→ Task details
From the first line of the material to the line containing "Love Fish, Dad", inclusive, write out each line exactly, leaving out the pictures.

* * * * * * * * *

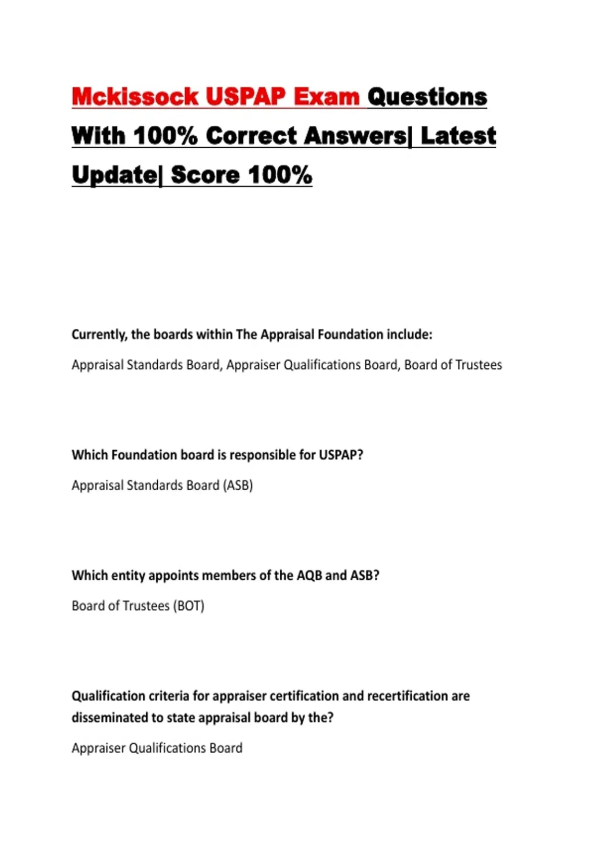 Appraisal Standards Board, Appraiser Qualifications Board, Board of Trustees
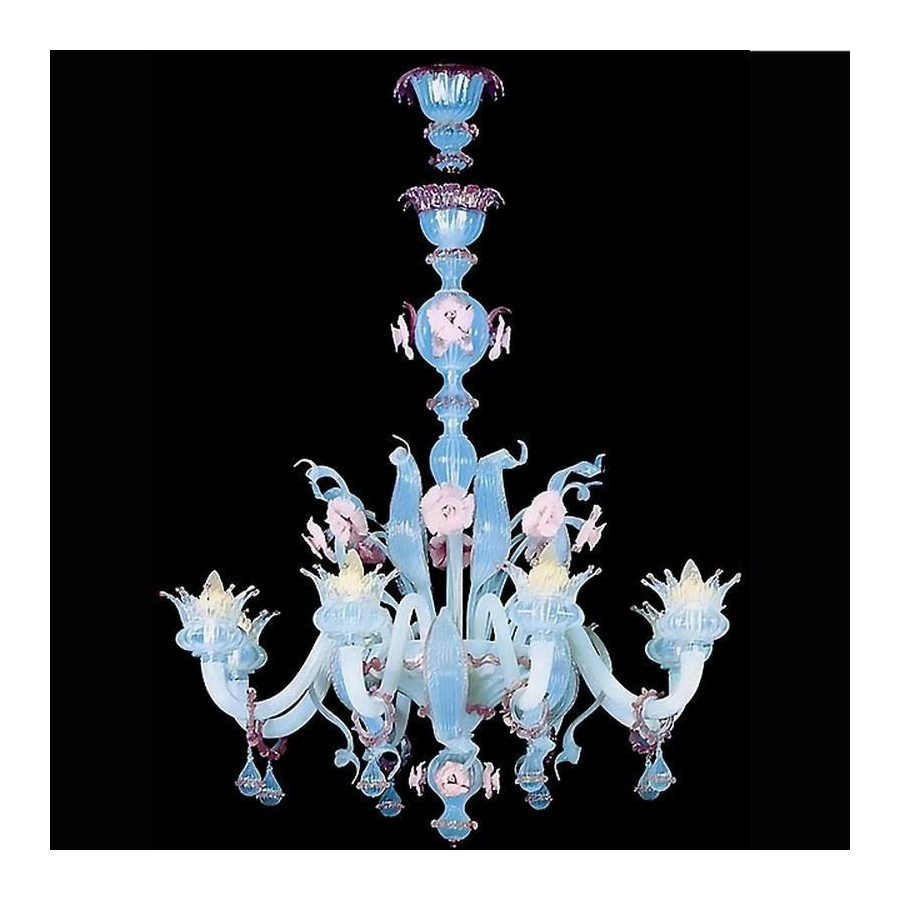 Eine klassische venezianische Kronleuchter in semi-Rezzonico-Stil. Die Angaben in Aquamarin und die bunten Blumen die Verbesserung ihrer Schönheit.
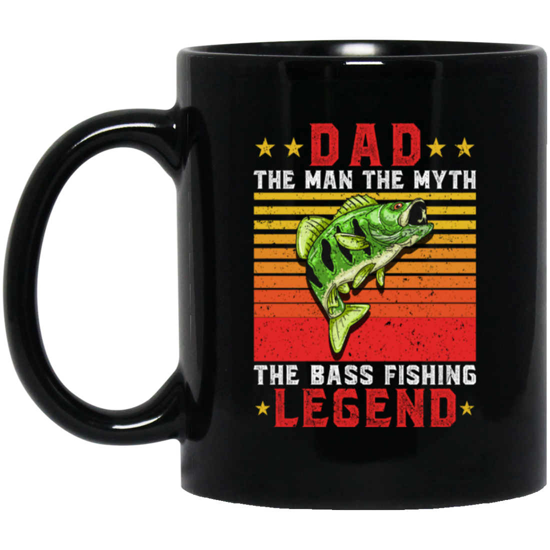 Love Fish, Dad The Man, Dad The Myth, The Bass Fishing Legend Gift Black Mug
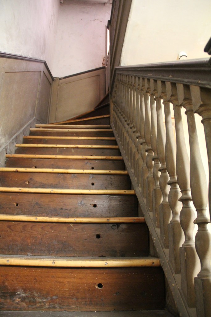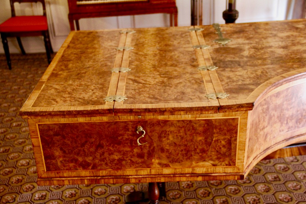 As I walked around the first floor, I entered a very clean, fully restored and orderly room.  I was about to walk out of the room as quickly as I had entered when my host pointed to a typical door and suggested that I open it.  I did.  I stood there a bit confused because the door opened up onto a brick wall.  I am used to fake doors in this period building as a way to achieve symmetry, so I suspected that was what I was looking at.  I was told that the brick wall covered up an opening that led to a wing of the palace built to house the ill King and his doctors and servants.  Attempting to keep the King’s illness away from the public, an entire wing of the palace was built and kept private.
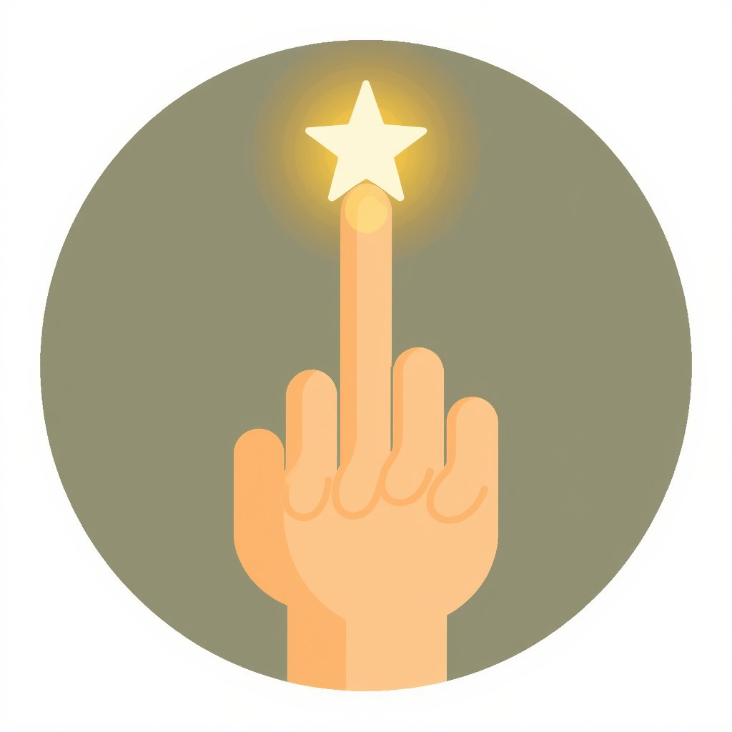 A illustration of an icon of a bold, A like icon that has a shining star effect above the like finger and is placed in a circle frame whose color is close to the skin of white people. The like symbol has a bright color and all the details of the hand can be seen clearly.
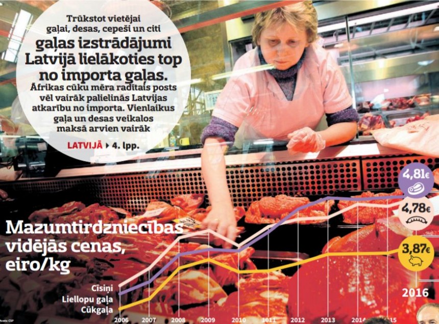 Trūkstot vietējai gaļai, desas, cepeši un citi gaļas izstrādājumi Latvijā lielākoties top no importa gaļas. Āfrikas cūku mēra radītais posts vēl vairāk palielinās Latvijas atkarību no importa. Vienlaikus gaļa un desas veikalos maksā arvien vairāk.
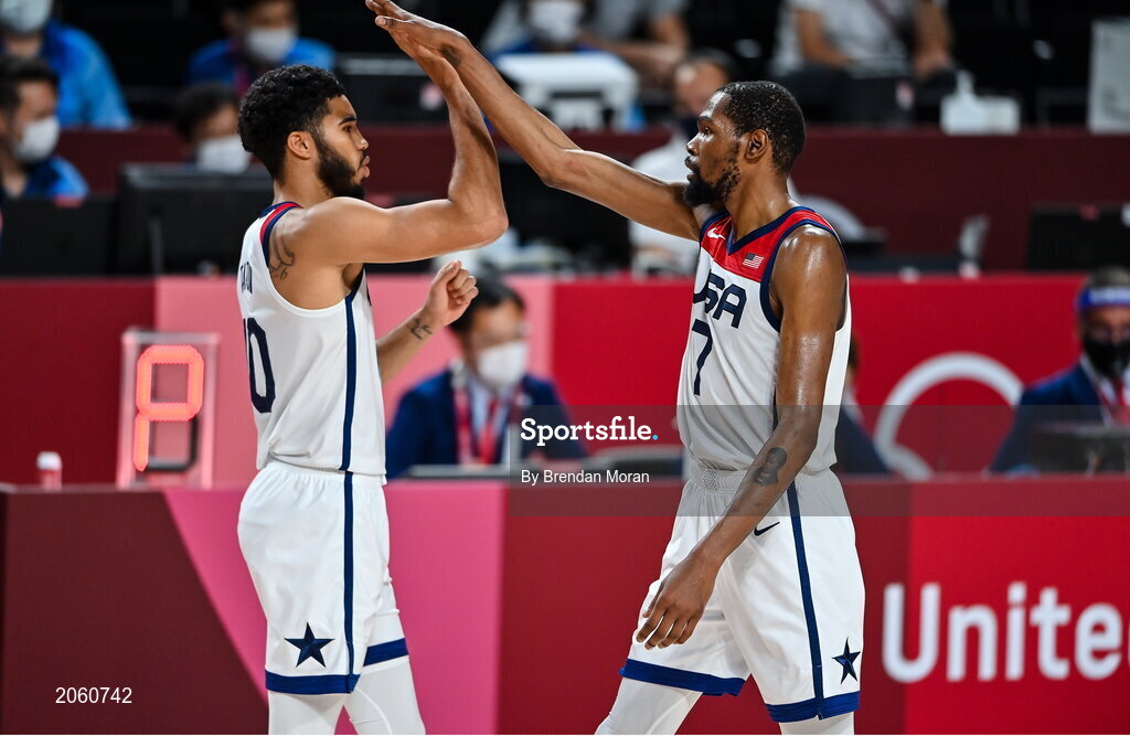 7 August 2021; Jayson Tatum, left, and Kevin Durant of USA during the men's gold medal match between the USA and France at the Saitama Super Arena during the 2020 Tokyo Summer Olympic Games in Tokyo, Japan. Photo by Brendan Moran/Sportsfile
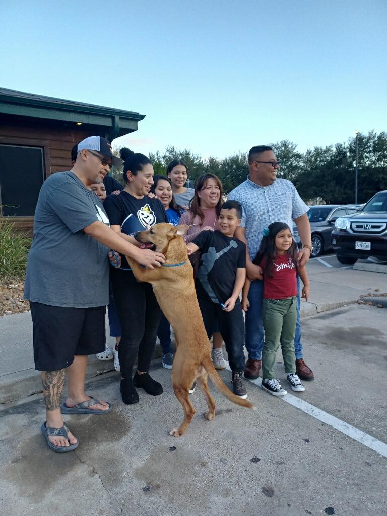 Pasadena, TX – An unlikely reunion took place at an adoption event in Pasadena earlier this month. A dog named Gertie was one of the Pasadena Animal Shelter attendees at the Texas Roadhouse event.
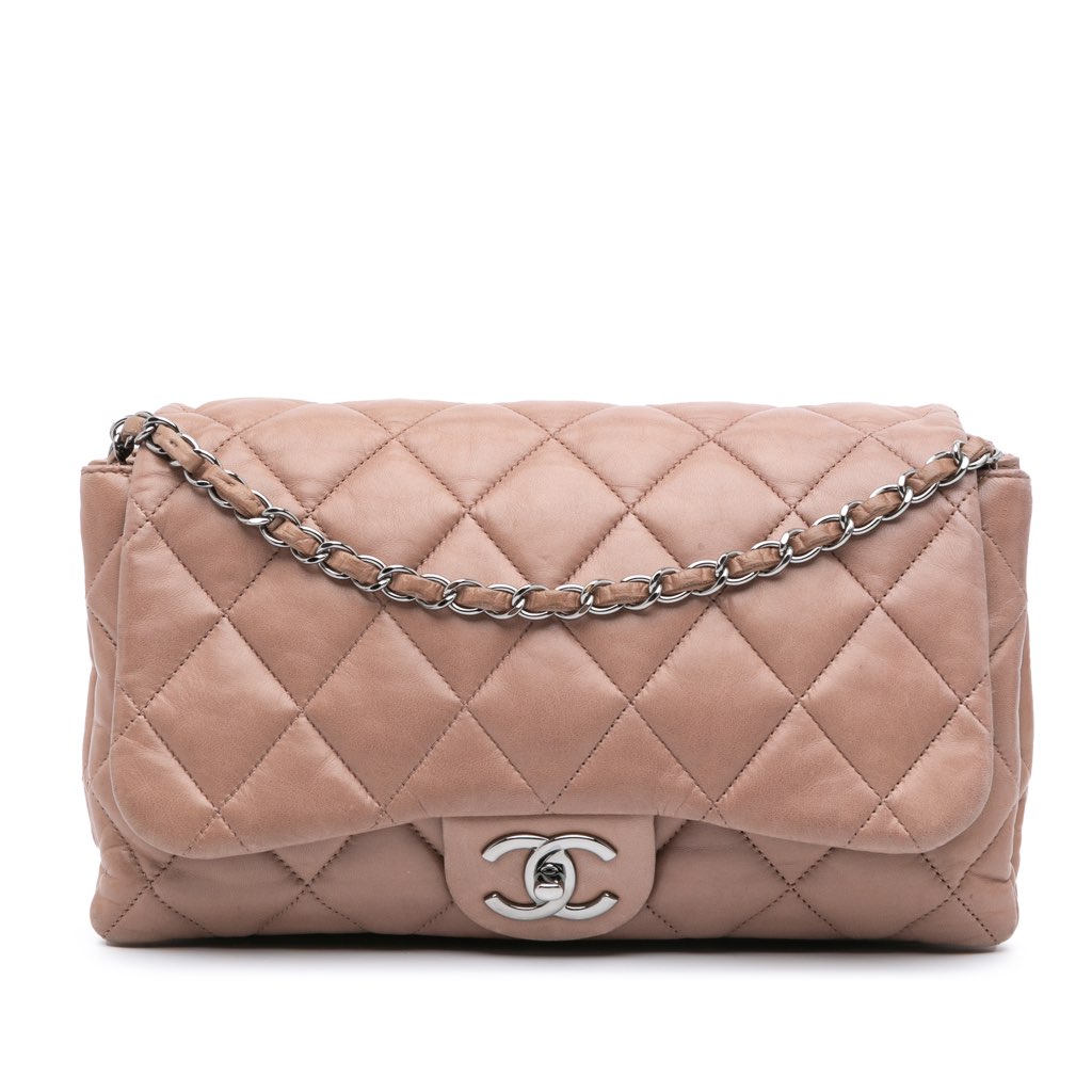 This flap bag features a quilted lambskin leather body, leather woven chain straps, a front flap with turn lock closure, three interior compartments, an exterior back slip pocket, and an interior zip pocket.

* * * * * * * * *

→ Result for this exercise
 Appraisal Standards Board, Appraiser Qualifications Board, Board of Trustees
 Eine klassische venezianische Kronleuchter in semi-Rezzonico-Stil. Die Angaben in Aquamarin und die bunten Blumen die Verbesserung ihrer Schönheit.
 Love Fish, Dad The Man, Dad The Myth, The Bass Fishing Legend Gift Black Mug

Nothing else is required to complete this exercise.